Um dos aspectos de grande importância para a melhoria das condições de vida das populações mais pobres são as condições de habitabilidade45, que dizem respeito a programas e ações que são, sobretudo, da área de competência dos Poderes Municipal e Estadual.

Outro elemento intrinsecamente vinculados às precárias condições de vida e de saúde é o percentual de domicílios do Recife46 sem osaneamento básico. Este era de 59,8%, em 2010, registra-se um aumento 10% em relação ao percentual registrado em 2000. Já os domicílios com saneamento semiadequado47 representavam 39,9% em 2010; contra 49,3% registrados em 2000. O percentual de domicílios que tiveram todas as formas de saneamento consideradas inadequadas foi de 0,4%, contra 0,9% contabilizados em 2000 (IBGE, 2010).
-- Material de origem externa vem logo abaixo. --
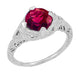 Art Deco Rubellite Tourmaline Engraved Filigree Engagement Ring in 14 Karat White Gold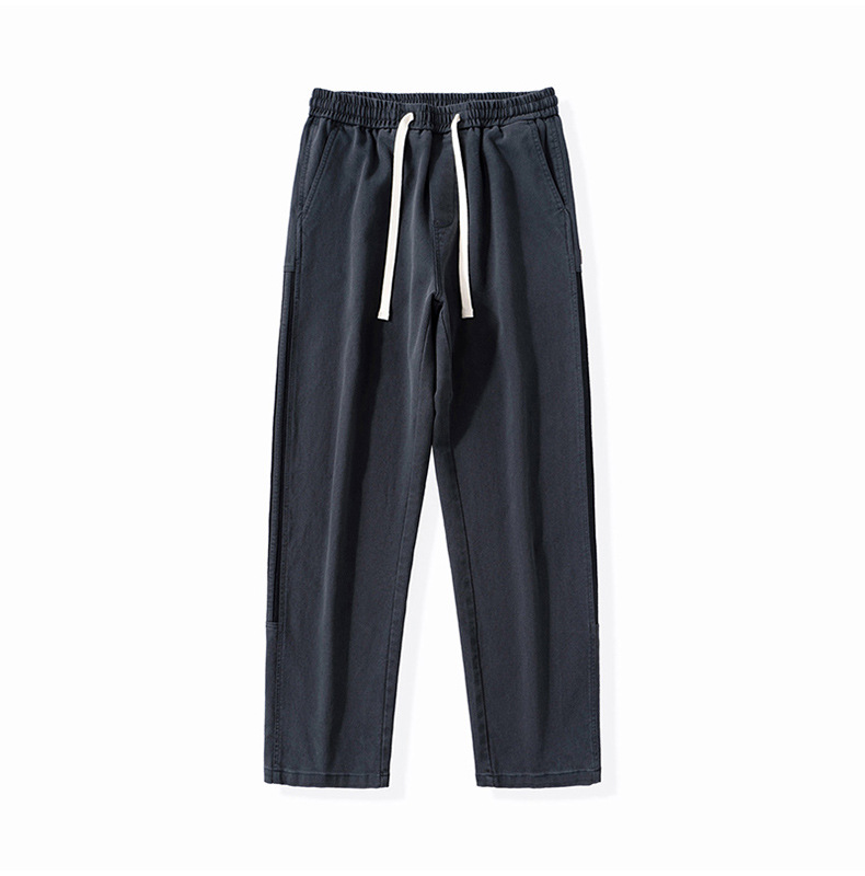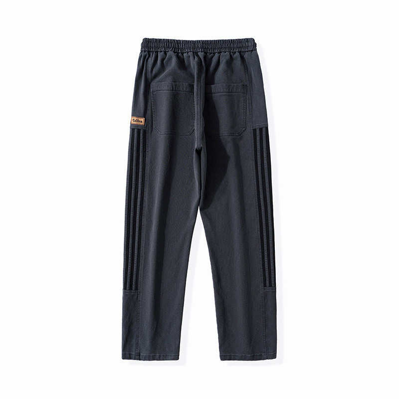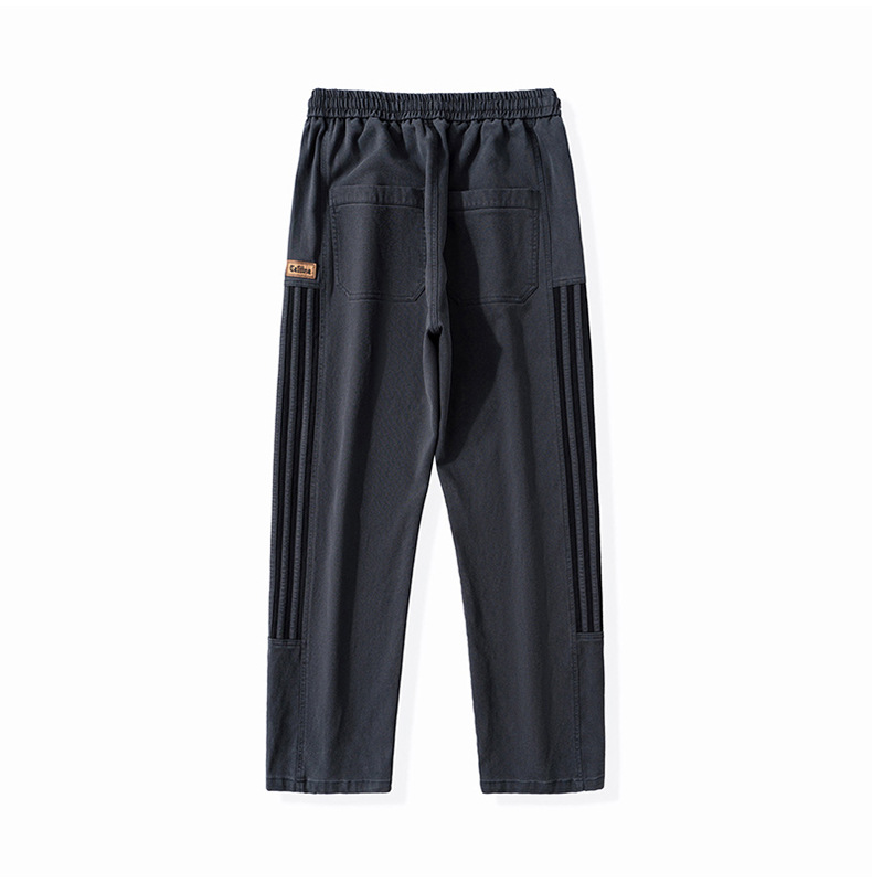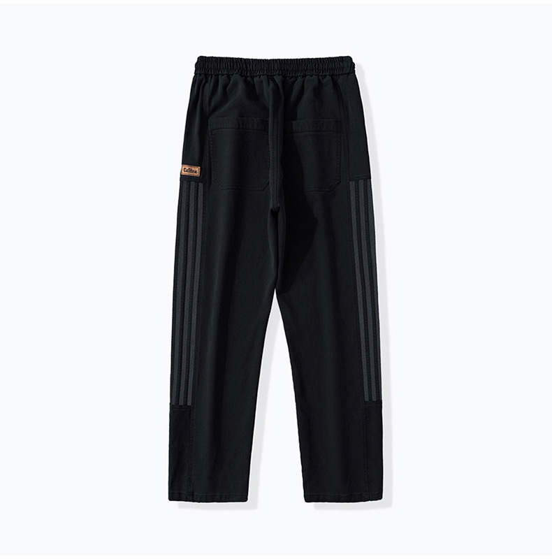 2025 남학생 용 마이크로 탄성 편안한 스트레이트 롱 팬츠 올매치 스트라이프 디자인 센스 테더 탄성 허리 바지스토어 가기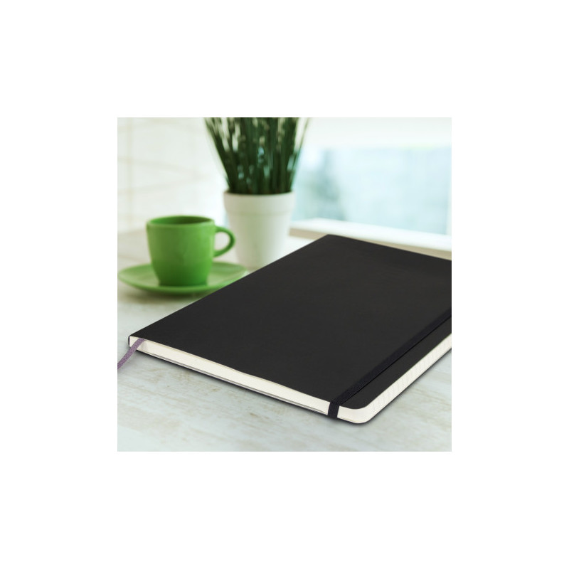 A large-size notebook that has a hardcover with a smart PU finish. It has 96 sheets (192 pages) of 70gsm lined paper, a bookmark ribbon, an elastic closure band and an elastic pen loop.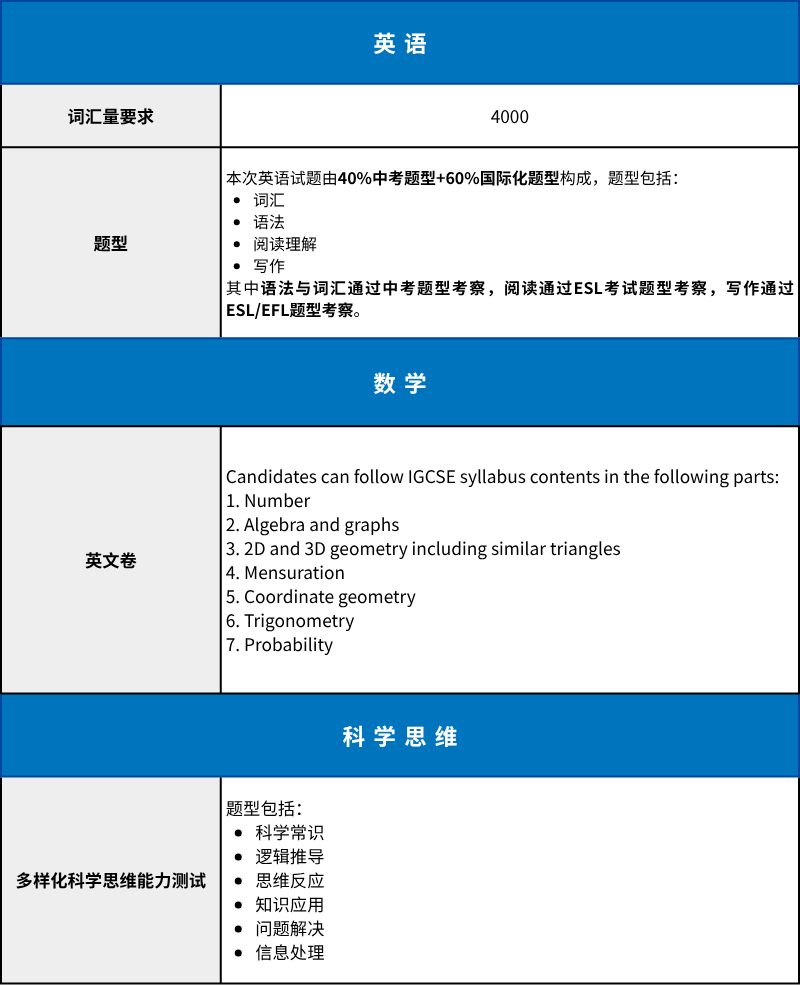 英語(yǔ)、數(shù)學(xué)(英文卷)、科學(xué)思維(中文卷)

Os contrastes socioeconômicos brevemente mencionados aqui perpassam aspectos culturais, políticos, bem como de gênero, raça, classe, dentre outros. Eles, por sua vez guardam a profunda relação com as questões históricas que caracterizam não só a formação socioeconômica do Recife, mas a do povo brasileiro e, consequentemente, com as possíveis “soluções” levantadas pelo Estado e pela sociedade civil para os ditos “problemas sociais” em suas diferentes épocas.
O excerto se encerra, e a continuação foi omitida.